Подождав плетущуюся сзади собаку, Герд садится на плоский, покрытый сухим мохом камень, смотрит вниз, на подбирающееся к отвесному утесу море. Ветер швыряет в лицо пену разбивающихся о скалу волн, и если сидеть тут долго, сам станешь таким же камнем, обрастешь мохом… берутся же откуда-то тролли. Мысленно глядя на себя со стороны, Герд не узнает себя, такую еще юную и пылкую, в этой невзрачной, наполовину уже седой, усталой от всего старухе. Это тело изношено, и накопленное им тепло скоро уйдет обратно в землю, отдавая жизни свой долг, и чем ближе этот миг расставания с ним, тем яснее и прозрачнее становится предчувствие следующего своего рождения, овеянного опытом прежних устремлений и ошибок.

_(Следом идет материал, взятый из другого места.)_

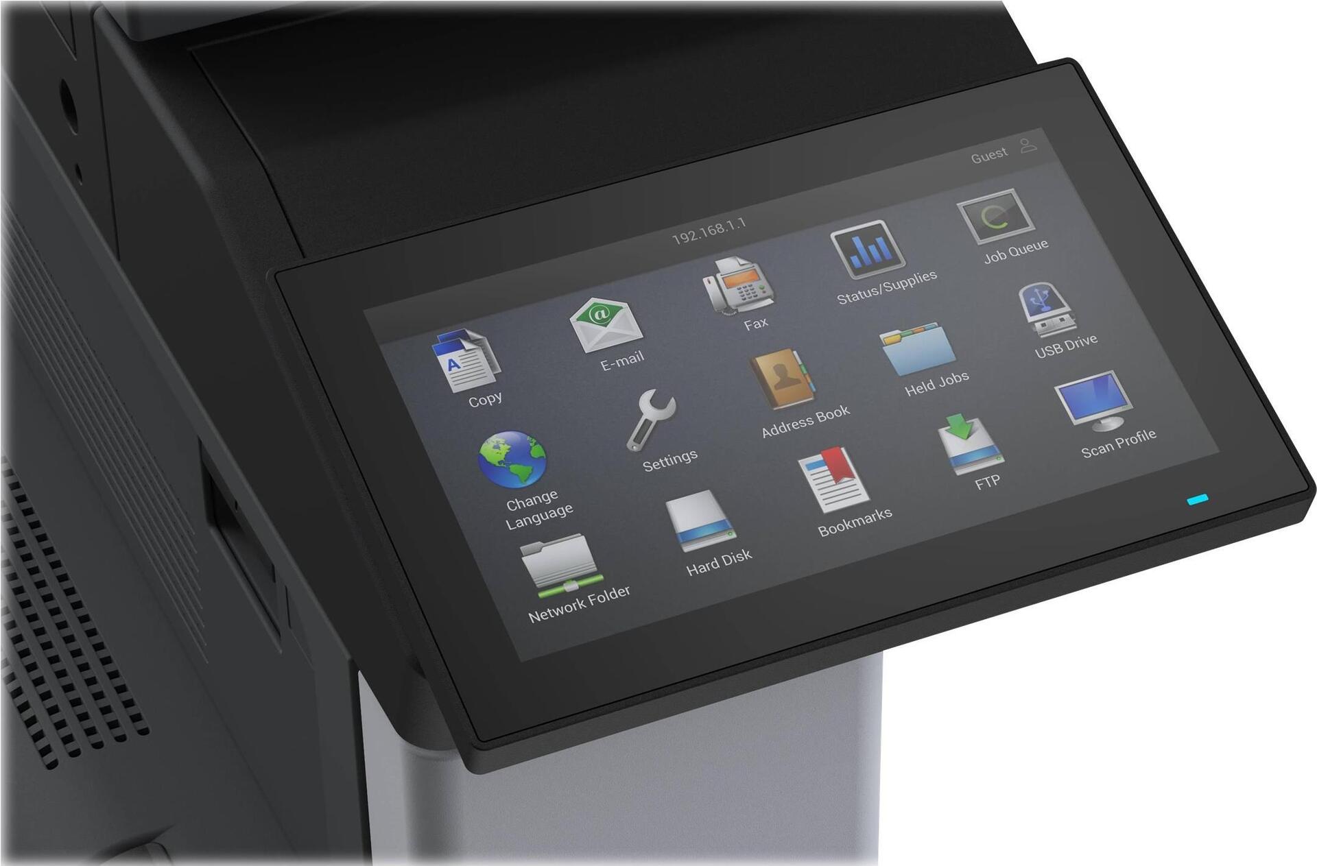 Das großformatige Mono-Multifunktionssystem Lexmark MX931dse bietet Sicherheit, Vielseitigkeit und Leistung für große Arbeitsgruppen mit einer Geschwindigkeit von bis zu 35 Seiten pro Minute. Beidseitiges Scannen und ein 17,78 cm großer, tabletähnlicher Touchscreen machen die Abwicklung Ihrer A3-Druck- und Scanaufträge zum Kinderspiel. Optische Zeichenerkennung (OCR) ist Standard. Es stehen mehrere Optionen für die Medienverwaltung zur Verfügung: ein Briefumschlagfach, eine doppelte Auffangablage, einen Hefter-Finisher und einen Hefter-Locher-Finisher. Integrierte Workflowlösungen wie Scan Center für die einfache Weiterleitung von Dokumenten sowie Software-Allianzlösungen bieten eine Vielzahl von Erfassungs- und Druckanwendungen, um Ihre Geschäftsprozesse auf das Gerät auszuweiten.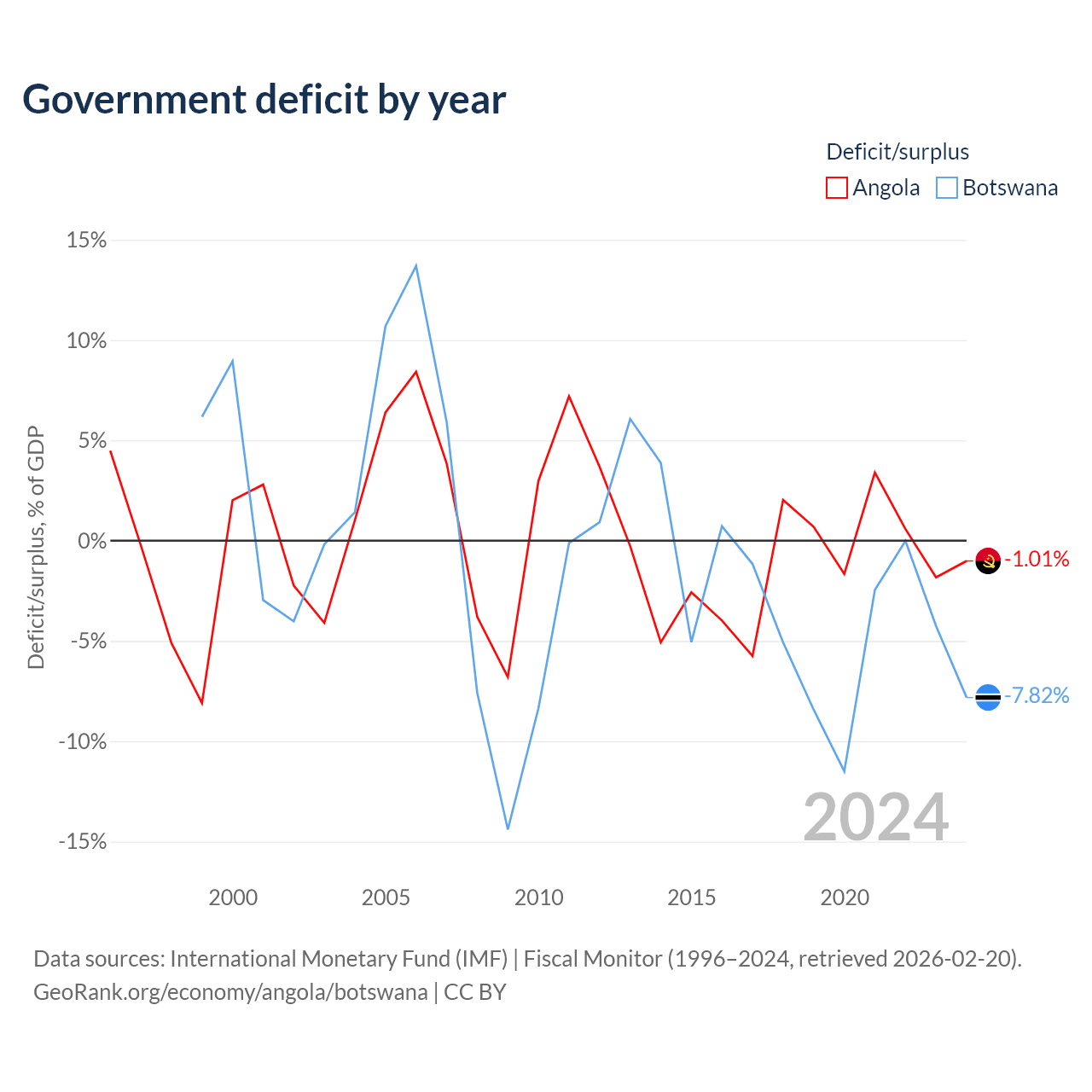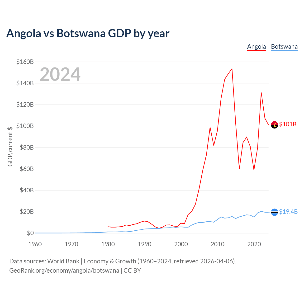 Angola has a GDP of $101B compared to $19.4B for Botswana, ranking 71/197 and 133/197 by economy size, respectively.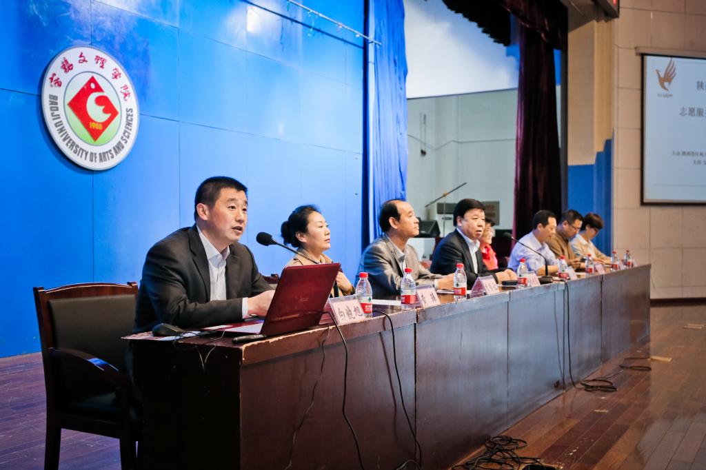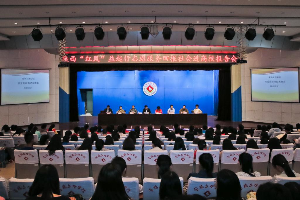 4月26日下午,陕西“红凤”益起行志愿服务回报社会进高校报告会在我校音乐厅举行。校党委副书记米晓东,学工部部长、学生处处长李周让,学工部副部长、校团委书记黄玮,宝鸡市文明办综合科科长李金科,陕西红凤工程志愿者协会班理、邹彩珍,陕西普惠青年志愿服务中心副主任汪子阜,金渭两区妇联、妇女之家、巾帼志愿服务队、市志愿者协会的代表以及我校手牵手红凤志愿者协会成员,在校“红凤工程”受助生,辅导员、学生代表300余人参加了报告会。报告会由学生处副处长白晓旭主持。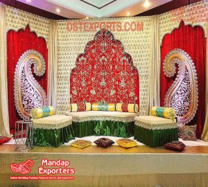 Muslim Wedding Walima Stage Arch Backdrops – The backdrop is a very important factor in the wedding as this is situated in the mandap behind the bride and the groom. Always pick the right backdrop as that has the ability to make or break your wedding decorations. Also, make sure that the backdrop goes with your mandap and the rest of the decor. If you need some decor inspiration DST Exports is the right place. We have all types of Beautiful Backdrops Curtains. We are engaged in manufacturing all types of backdrops so, now we are presenting our Latest Backdrops which is named Indian Wedding Arch Style Backdrop Curtains. We are offered these backdrops at the lowest prices.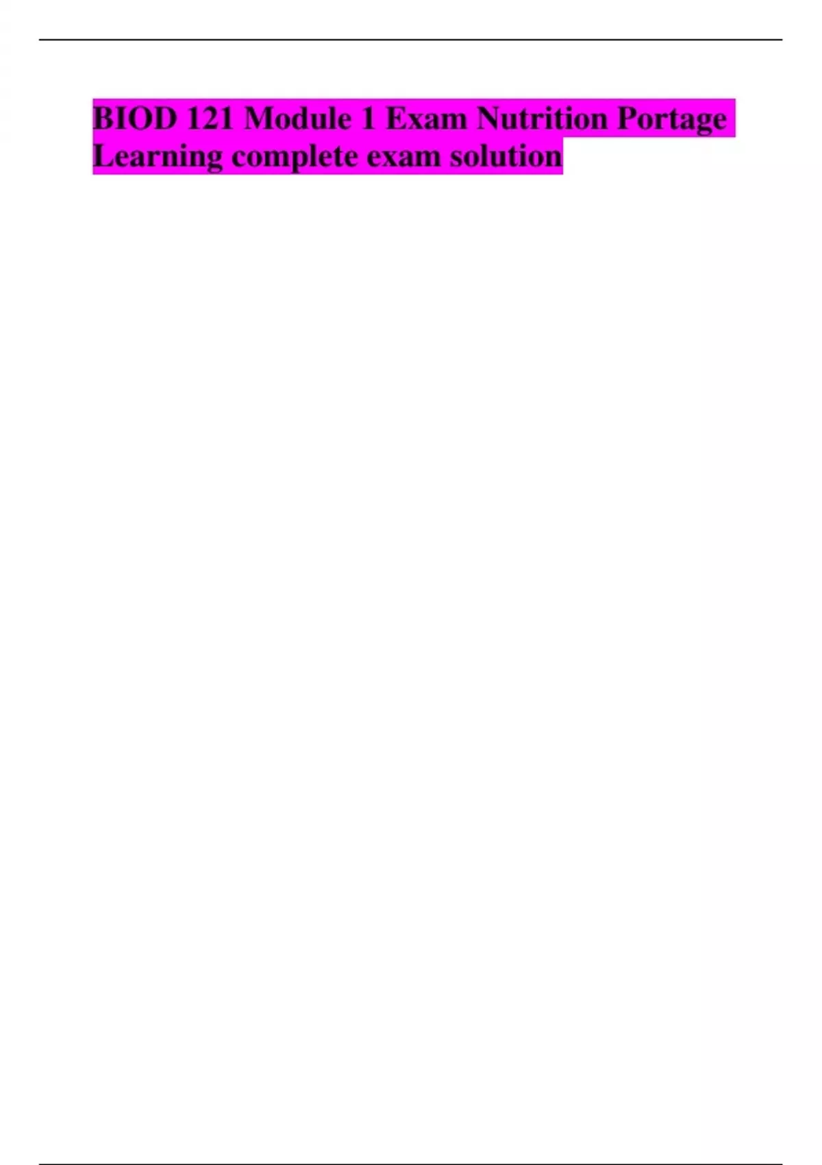 BIOD 121 Module 1 Exam Nutrition Portage Learning complete exam solution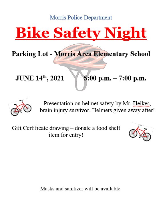 The Morris Police Department is hosting a Bike Safety Night in the Morris Area Elementary School parking lot. Helmets will be given away after a presentation on helmet safety.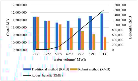 In this case, based on the initial calculation example (penetrance 18.4%, water volume 2533 MW∙h), the water limit was expanded to 10,131 MW∙h, and the ratio of hydropower output was increased to observe the benefit change of the robust method.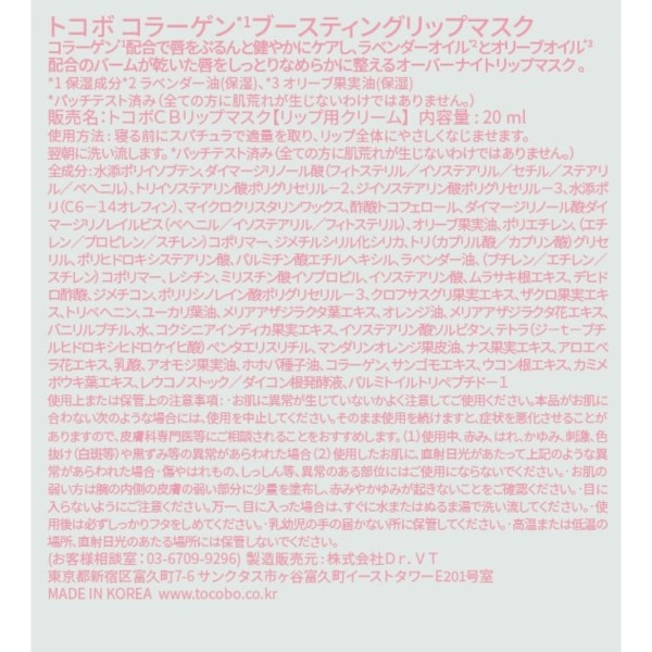 TOCOCO 콜라겐부스팅 립마스크 _ VT CUBE JAPAN > 입술 메이크업 립 컬러·글로스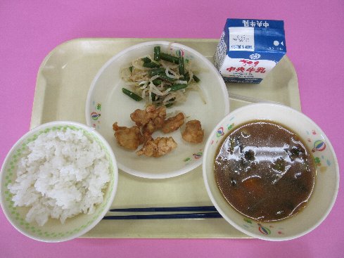 ご飯、牛乳、揚げ鶏のレモンソース、いんげんの胡麻和え、豚汁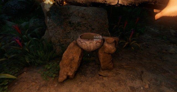 在部落废墟的后面,借助火把的光可以找到一个仪式台,这就是触发主线的关键物品,接下来需要使用它进入幻境,你需要在这里制作小火堆才能继续。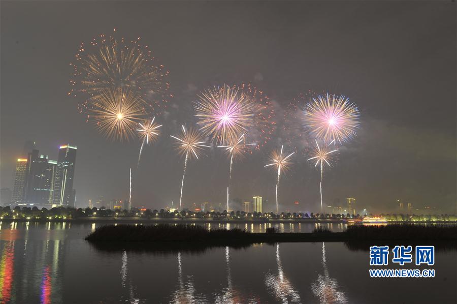 2017年1月1日夜晚,長沙橘子洲附近湘江上空綻放絢麗焰火。當(dāng)晚,湖南長沙橘子洲舉行焰火晚會慶祝新年到來。整場焰火晚會主題為“多彩星城、魅力長沙”,焰火燃放時間約20分鐘。 新華社記者 龍弘濤攝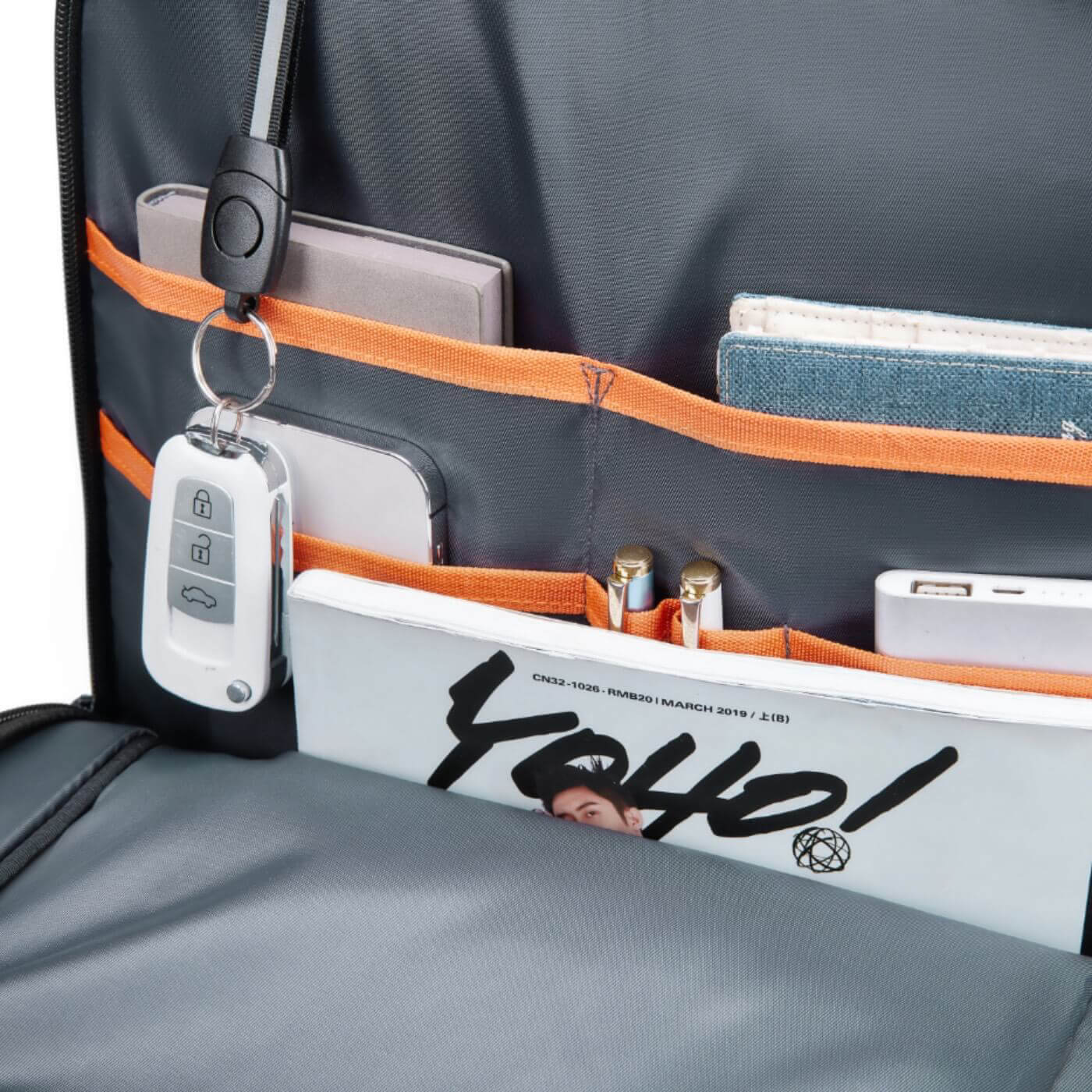 Évitez le risque de perdre vos clés en les attachant à la sangle prévue dans la poche avant.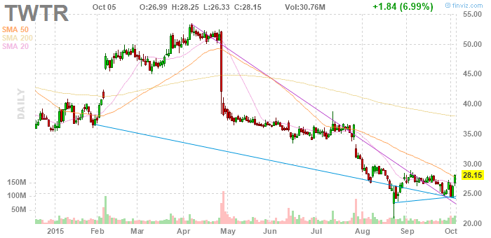 $TWTR closed up 6.99 percent on Monday, October 5, 2015, on 1.41 times normal volume. The stock rose above its 50 day moving average, improving its intermediate-term outlook by crossing above that important trendline.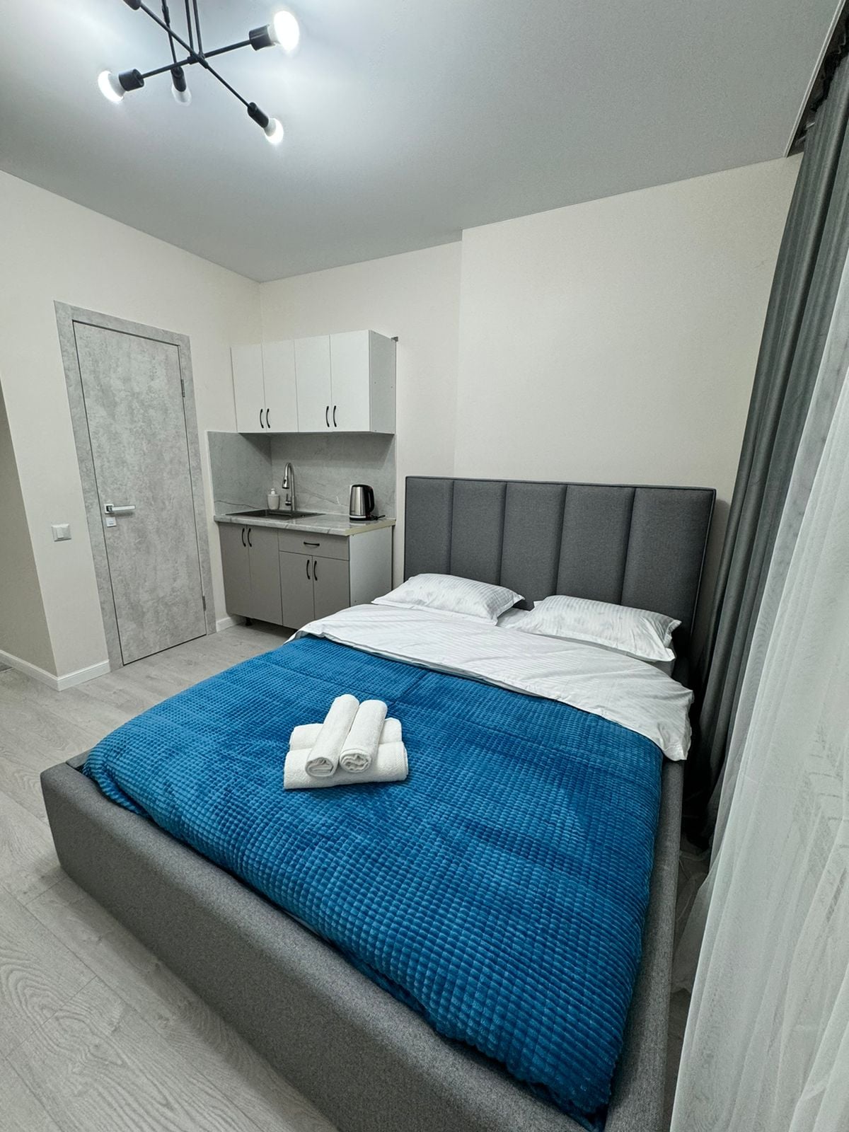 Привет, дорогой будущий гость :) Планируете поездку в Казахстан? Приглашаем остановиться у нас. Мы пара из Астаны, Светлана и Виктор. Сдаем однокомнатную квартиру со спальней, отдельной кухней и гардеробом. Только сделали ремонт специально для гостей. Дом находится в спальном районе — в центре правого берега. В 15 минутах ходьбы набережная. В 15 минутах езды торговый центр с кинотеатром.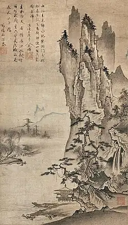 Shigajiku (Japanese: 詩画軸, "poem-and-painting scrolls"), are a form of Japanese ink wash painting. These hanging scrolls depict poetic inscriptions at the top of the scroll and a painted image, usually a landscape scene, below.[1] Buddhist monks of the gozan 五山 or Five Mountain monasteries of the early Muromachi Period (1336-1573) first introduced the poem-and-painting scrolls.[2]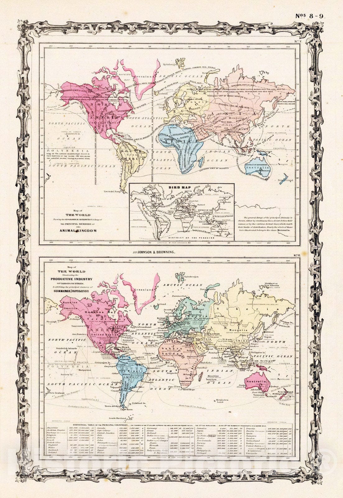 Historic Map : 1860 Map of The World Showing, The Animal Kingdom, Commerce And Navigation. - Vintage Wall Art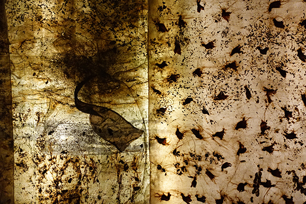 Comme pour faire vivre ces œuvres, la lumière omniprésente les traverse et joue sur la matière végétale utilisée : aplats de plusieurs couches de papier népalais, coton très fin, feuilles, branches, mauvaises herbes, argile, glaise, tiges ou bandes d’aluminium… Avec en toile de fond la nature comme capacité de régénération. Les différentes couches de matières évoquées portent cette notion du mouvement inexorable de la vie. C’est ainsi qu’entrent en scène les insectes, sans cesse plus nombreux à la mesure du désastre. Leur présence comme un signal, symbolise la prise de conscience et l’alerte du moment crucial, celui d’une disparition programmée. Tel un squelette suspendu, voire en lévitation, arrimé par des fils invisibles, l’insecte se montre dans un état presque fossile où le temps qui fait son œuvre n’exclut pas la fragilité de l’instant. Entre cocon et chrysalide, les installations à même le sol en papier coton, comme une gaze, paraissent tout à la fois solides et fragiles. Une œuvre tout entière naturaliste apparaît et nous rappelle le sentiment de l’éphémère et de l’instant, une forme d’acuité propre au monde des insectes à l’existence éphémère.

Здесь, на краю, отпушенная на волю мысль добирается до обжигающих своей неукротимой страстностью мистерий этой северной земли, вся суть которых – воля и мужество. Воля к убийству пожирающего разум дракона, приземленного ползучего гада, огнедышащей прямой кишки, которой сам ты когда-то был, озабоченный лишь простым выживанием. Мужество узнать голос своей крови и стать выше наследственности, возгоняя кровь от сердца к солнцу. И нет в этом тебе никаких помощников, тут ты один, тут нет ни имен, ни возрастов, только чаша твоей понятливости, в которую по каплям втекает золото солнца.

Смерть заберет это тело, скрываемое непромокаемой курткой и свитером, вернет обратно в природу, развеет среди песка и камней, тогда как ты сам… ты пойдешь дальше. Об этом стоит подумать уже сейчас, пока еще не все, что должно с тобой произойти, совершилось.

Прилегшая возле ног собака внезапно вскидывает лохматую голову, и все ее отяжелевшее за последние месяцы тело дрожит от настороженного рычанья: тут рядом чужой.